WC are the key to keeping and breeding healthy fish.

IMO


----------



## KhuliLoachFan (Mar 8, 2008)

Ah. Sponge filters are for me something I keep around, cycled and ready to go, but not my primary filter in any of my tanks. I'm a weekly water changer, not a daily, and a community and malawi cichlid keeper, not an intentional breeder. (Except for species that breed readily like livebearers, and certain easy-to-care-for-and-breed cichlids like my yellow labs, which are happy and make babies without me doing much other than feed them and change 25% of their water weekly)

W


----------



## tebore (Jan 3, 2010)

I wouldn't rely on 1 filter alone. If one fails you could be in trouble plus it doesn't hurt to over filter. 

I have a power filter and a sponge filter. I notice both have a good amount of debris in them when I go to rinse them in tank water. 

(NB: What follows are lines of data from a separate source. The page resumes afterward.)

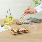 Preserve the flavor and presentation of your sushi rolls effortlessly. Roku Gold Plastic Disposable Sushi Containers feature a grease-resistant design that keeps trays clean and tidy, ensuring sauces stay contained for impeccable sushi takeout boxes. The snap-on lids are designed to maintain sushi freshness and flavor, offering an airtight seal that locks in taste, making these containers ideal for sushi restaurants and catering events. With anti-fog lids, these plastic sushi trays ensure clear product visibility, so your culinary artistry is always on display. Measuring 8.27 inches in length, 5.31 inches in width, and 1.57 inches in height, these trays offer a sustainable choice for reducing your carbon footprint. Designed with curved and indented corners, they prevent cracking during transport, enhancing durability. Elevate your foodservice operations with these space-saving, stackable containers. Each order includes 100 Roku Gold Plastic Disposable Sushi Containers.
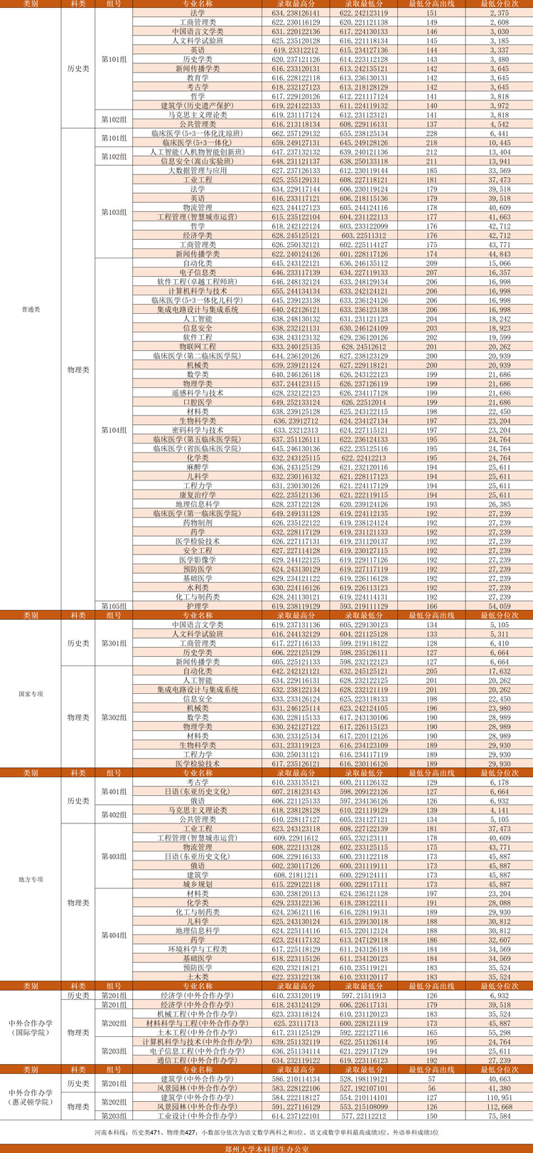 郑州大学在河南省内录取数据发布,具体内容如下:
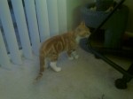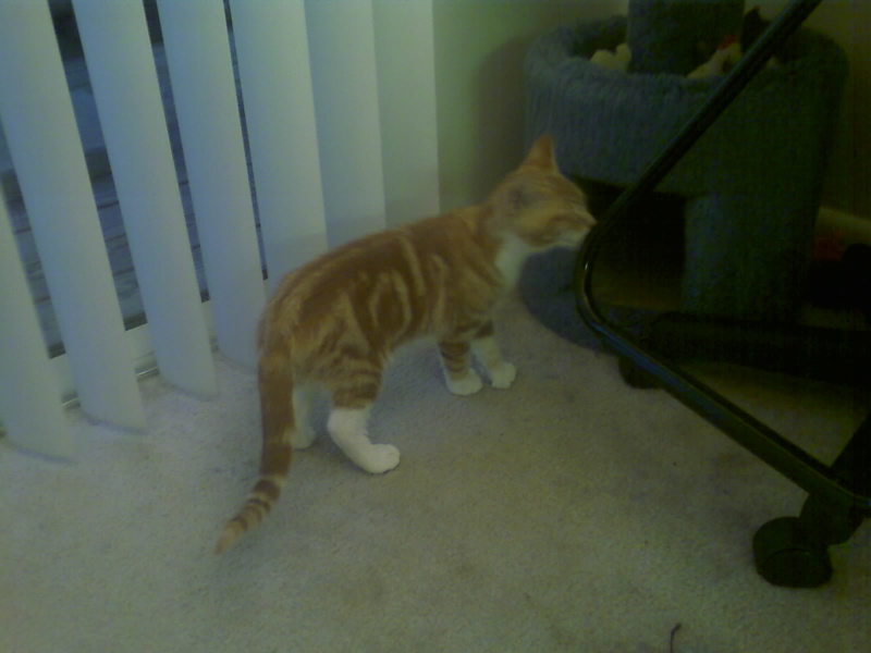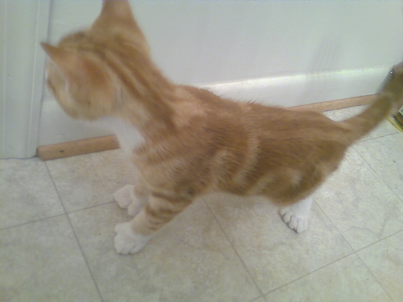 Anyway, Mittens Vincent—aside from his neat little paw deformity—is your average male orange tabby with white highlights on his feet and belly. He’s about four months old, so he’s still just a kitten. Hopefully, Mei Mei will pick up a slight maternal instinct toward him with a little time . . . but right now we’re just trying to convince Mei Mei that the newcomer is not Satan and need-not be hissed at every time they see one another.
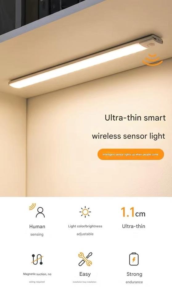 ไฟตู้แบบไร้สายพรีเมียมทันสมัย ชาร์จผ่าน USB-C พร้อมเซ็นเซอร์ตรวจจับการเคลื่อนไหวของร่างกาย ปรับความสว่างได้ ติดตั้งด้วยแม่เหล็ก ขนาด 60 ซม. รับประกัน 2 ปี
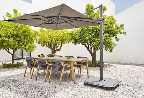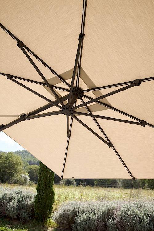 The most iconic series from Caractère. Three Series includes umbrellas that are the heart of your garden, perfect for shelter and protection from the bright sun rays. Every model is extremely convenient to move and operate. By means of the slider, you can easily move this umbrella into every desired position and turn 360° without having to move its base.

I still think if you have an airstone you might as well put it to work instead of just looking nice.


----------



## leomessi (Feb 25, 2010)

i bought a tetra whisper a week ago and it works really well as a second filter. i do about 25% water change every 2-3 days to keep the hc and the glossos happy.


----------



## shrtmann (Feb 15, 2009)

i use a Penguin 220 (i think) and an AC110 on my 75g tank...the 110definately creates quite a bit of flow plus it has a lot of space for filter media....I like the penguin filters a little better tho as they dont cause so much of a water disturbance when re-entering tank


----------



## KhuliLoachFan (Mar 8, 2008)

"Not much water disturbance" could be a bad thing. After all Oxygen enters your tank at the surface of the water, and the more it is "disturbed" the healthier your fish will be. The fluval cannister filters have a spray outlet, and the eheim cannisters have a spray bar for this very reason.

W


----------



## shrtmann (Feb 15, 2009)

Very True Khuli altho i guess what i meant was the splashing and all especially when my water level starts to dip ( I have an open tank right now) and the penguin has a little outcropping on the return for the water to kind of hit it insdtead of just dropping straight into the water like the AC110 does


----------



## KhuliLoachFan (Mar 8, 2008)

I once tried to make a ledge for the AC110 outflow to run over and drip through. The idea being to provide a rain-shower into my tank. A piece of fine grid plastic like they use for rug-hooking crafts would work great for that. I'm curious if that many small drops of water would be a less noisy way to get incredible surface-to-air oxygen exchange.

W


----------